Is there a better opening line to a poem and book of poetry than, “Love set you going like a fat gold watch” from “Morning Song”? It is a line that has stayed with me. She described her new born baby as a “new statue in a drafty museum”. This museum theme continues in a poem that Hughes excluded in 1965, “Barren woman”, “Empty, I echo to the least footfall, / Museum without statues”. This concept of her living life in a museum is revealing. She elevated her daily life with her child to that of a permanent work of Art. The isolation and timelessness of the museum.

 

She expressed life with her young baby directly in “Thalidomide”, “All night I carpenter / A space for the thing I am given, / A love / Of two wet eyes and a screech. / White spit / Of indifference!” I adore this image of Plath trying to fit this screaming human being into her life as a curator in her museum.

 

My favourite single phrase she uses to depict her new-born is in “Lesbos”, where she wrote that Frieda was her “little unstrung puppet”. Wonderful!

 

Plath enunciated the resentment of a baby too, “We’re here on a visit, / With a goddam baby screaming off somewhere. / There’s always a bloody baby in the air”. The frustration and anger seep off the page. Some of this antagonism was clearly being levelled at the cheating Hughes too.

 

Plath is devastating about her married life with Hughes in “The Applicant”, “It can sew, it can cook, / It can talk, talk, talk”…”Will you marry it, marry it, marry it”. The repetition purposeful and pointed.

 

 

Life and Death:

 

 

You can listen to Plath read plenty of her poems for free on Spotify and Soundcloud. She discussed her inspiration on “Comments on Poetry”, speaking about how she liked to draw inspiration from personal events that she experienced and then relate them to global situations such as the Holocaust or Hiroshima. In “Lady Lazarus”, she treats her life like the Nazis treated their prisoners, “My skin / bright as a Nazi lampshade”. Aside from the dramatic effect, it is sad to think that Plath viewed herself as inhuman.

 

 

The fascist overtones continue in “Fever 103”, where she details, “Greasing the bodies of adulterers / Like Hiroshima ash”. It must be pointed out how shocking the word “Nazi” was even when I read it for the first time in the nineties.
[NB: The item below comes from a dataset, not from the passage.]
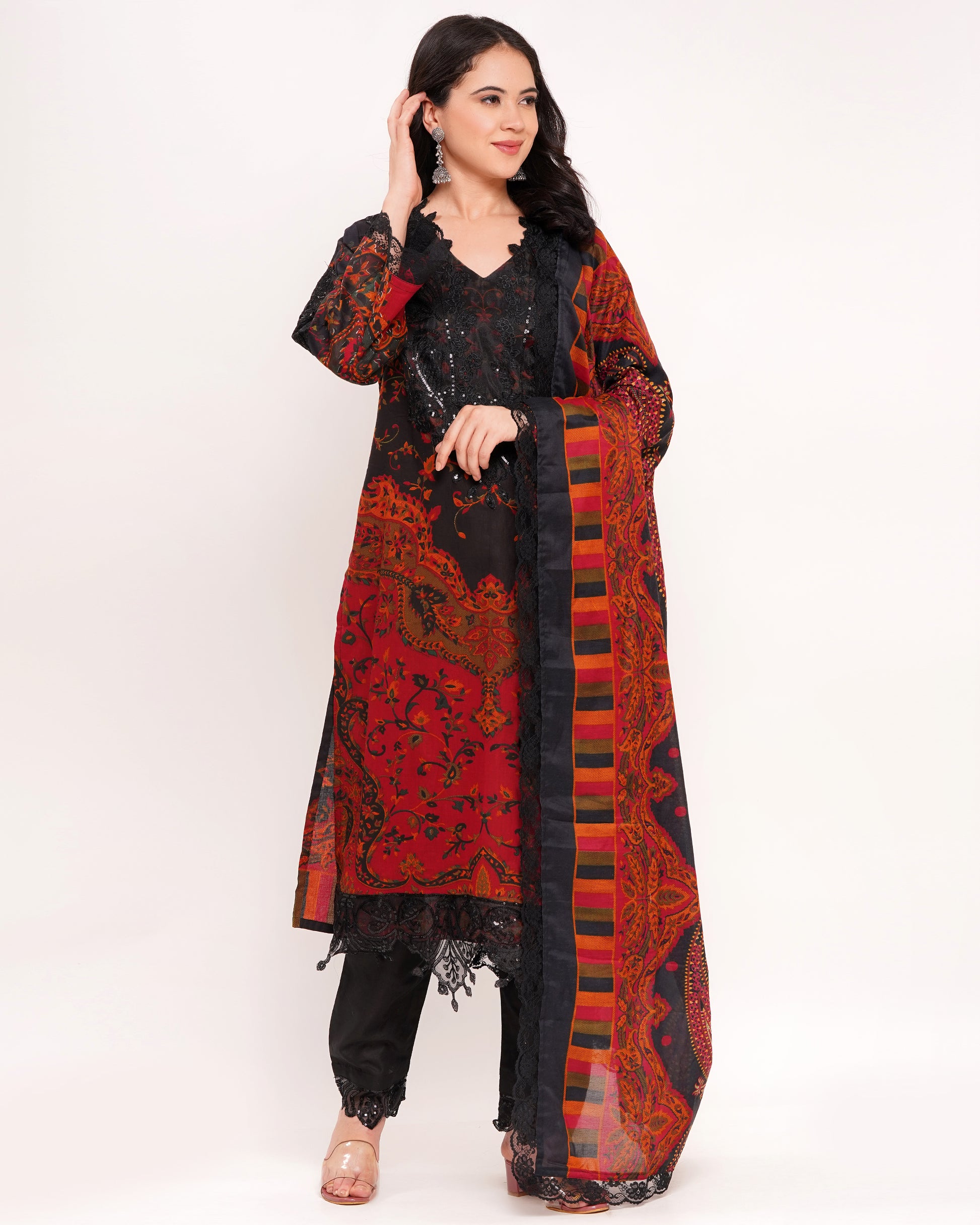 Pakistani cotton suit set, Lawn cotton Pakistani suit, Organza patchwork suit, Lace detailing kurta, Party wear ethnic suit, Festive suit for women, Maroon and black salwar suit, Eid special suit set, Designer Pakistani suit online, Printed dupatta ethnic set

For a person to describe their life in these terms was unheard of. The word “Nazi” is now so utterly overused that it has lost all meaning. Godwin’s law is something that irritates me immensely. I cannot scroll Twitter without seeing the term being misused. As Orwell put it, the term fascist has lost all meaning. Did Plath add to that by normalising it when writing about her life?

 

In “A Birthday Present”, she wrote “I do not want much of a present, anyway, this year. / After all, I am alive only by accident. / I would have killed my self gladly that time any possible way”.

 

 

 

Conclusion:

 

 

I have only covered a tony number of topics that Plath dealt with in Ariel. It really is an all-encompassing, with each poem as intriguing as the one before it. “Ariel” is undoubtedly her poetic masterpiece. I did not even go into detail about “Daddy”! One of my favourite poems. “I could never talk to you. / The tongue stuck in my jaw”, she wrote of her relationship with her father. “I have always been scared of you, / With your Luftwaffe”. A terrifying image. She dubbed her father a “Panzer-man”. It is the standout poem from a standout poet from her standout collection.